Research Article: A Global User-Driven Model for Tile Prefetching in Web Geographical Information Systems

Date Published: January 13, 2017

Publisher: Public Library of Science

Author(s): Shaoming Pan, Yanwen Chong, Hang Zhang, Xicheng Tan, Houbing Song.


A web geographical information system is a typical service-intensive application. Tile prefetching and cache replacement can improve cache hit ratios by proactively fetching tiles from storage and replacing the appropriate tiles from the high-speed cache buffer without waiting for a client’s requests, which reduces disk latency and improves system access performance. Most popular prefetching strategies consider only the relative tile popularities to predict which tile should be prefetched or consider only a single individual user’s access behavior to determine which neighbor tiles need to be prefetched. Some studies show that comprehensively considering all users’ access behaviors and all tiles’ relationships in the prediction process can achieve more significant improvements. Thus, this work proposes a new global user-driven model for tile prefetching and cache replacement. First, based on all users’ access behaviors, a type of expression method for tile correlation is designed and implemented. Then, a conditional prefetching probability can be computed based on the proposed correlation expression mode. Thus, some tiles to be prefetched can be found by computing and comparing the conditional prefetching probability from the uncached tiles set and, similarly, some replacement tiles can be found in the cache buffer according to multi-step prefetching. Finally, some experiments are provided comparing the proposed model with other global user-driven models, other single user-driven models, and other client-side prefetching strategies. The results show that the proposed model can achieve a prefetching hit rate in approximately 10.6% ~ 110.5% higher than the compared methods.

Partial Text

Similar to most of time-based tasks, reducing resource consumption and improving the response speed are two key problems for a web geographical information system (GIS). Thus, many methods have been proposed to improve system performance on-the-fly, including PGSW-OS [1], MR-D [2], 2D-WDM [3], and LLLA [4], among others. Among these methods, PGSW-OS uses P2P (peer-to-peer) nodes to share resources to reduce the total resource consumption of the system. MR-D also uses a type of device-to-device (D2D) network to share the cellular spectrum. 2D-WDM is designed to improve network transmission efficiency by considering not only the time but also the wavelength in a wavelength-division multiplexed (WDM) system. LLLA provides a new method to improve the efficiency of channel assignment in wireless mesh networks(WMNs). Obviously, all these methods can be profitably applied to a system to reduce resource consumption and improve response speed. However, compared to improving the transmission efficiency of the system by optimizing network topology, improving channel efficiency or capacity and preparing data for servers (or users) in advance can also be employed to reduce the response delay due to slow disk I/O speeds.

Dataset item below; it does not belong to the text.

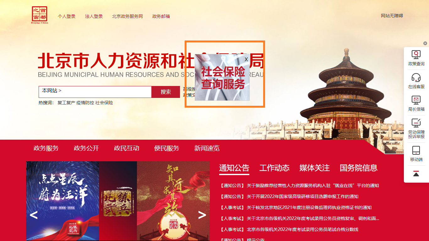 第一步:您可以登录“北京市人力资源和社会保障局”网站(http://rsj.beijing.gov.cn/),点击移动窗口“社会保险查询服务”。

Unlike traditional prefetching and caching, a user-driven model fetches tiles and stores them before they are requested based on mining their popularity, or their relationships, or the user’s navigation path—and all those methods are based on users’ behavior.

This model mines the correlation patterns of tiles based on their historical access-log information to prefetch data from the set of hotspot tiles and replace data in the high-speed cache buffer as needed. Investigating a typical example of access such as the sequence shown previously, it is clear that we can make some conclusions about tile correlations:

The proposed method includes two parameters that must be determined: the matching radius n and the matching weights vector W. The matching radius n indicates the correlation depth or the navigation depth, which indicates whether the next n movements still have an influence. In this case, Serdar (2012) [17] gives a detailed proposal for navigation depths of approximately 5 to 10; in this case, n will vary from 2.5 to 5 considering the symmetry of influence. Therefore, in this article, we can set n to 5.

Web geographical information system is a typical service-intensive application which must store massive data into storage nodes and service large numbers of users. Instead of reading tiles from storage in real-time on-the-fly, prefetching and caching tiles that will be requested in the future can reduce the response time of GIS services and substantially improve the quality of service. In server-side cache mode, prefetching and caching tiles can prepare data for servers in advance to reduce the latency of accessing slower disks. In client-side mode, prefetching and caching can be used to reduce the amount of data repeatedly transferred over short periods to save network bandwidth. However, it is difficult to predict the appropriate tiles to prefetch and cache both because of the massive sizes of the datasets as well as the limited space available in high-speed caches. This type of situation requires a more effective method for finding tiles’ inner relationships to trace and predict the next movements of users.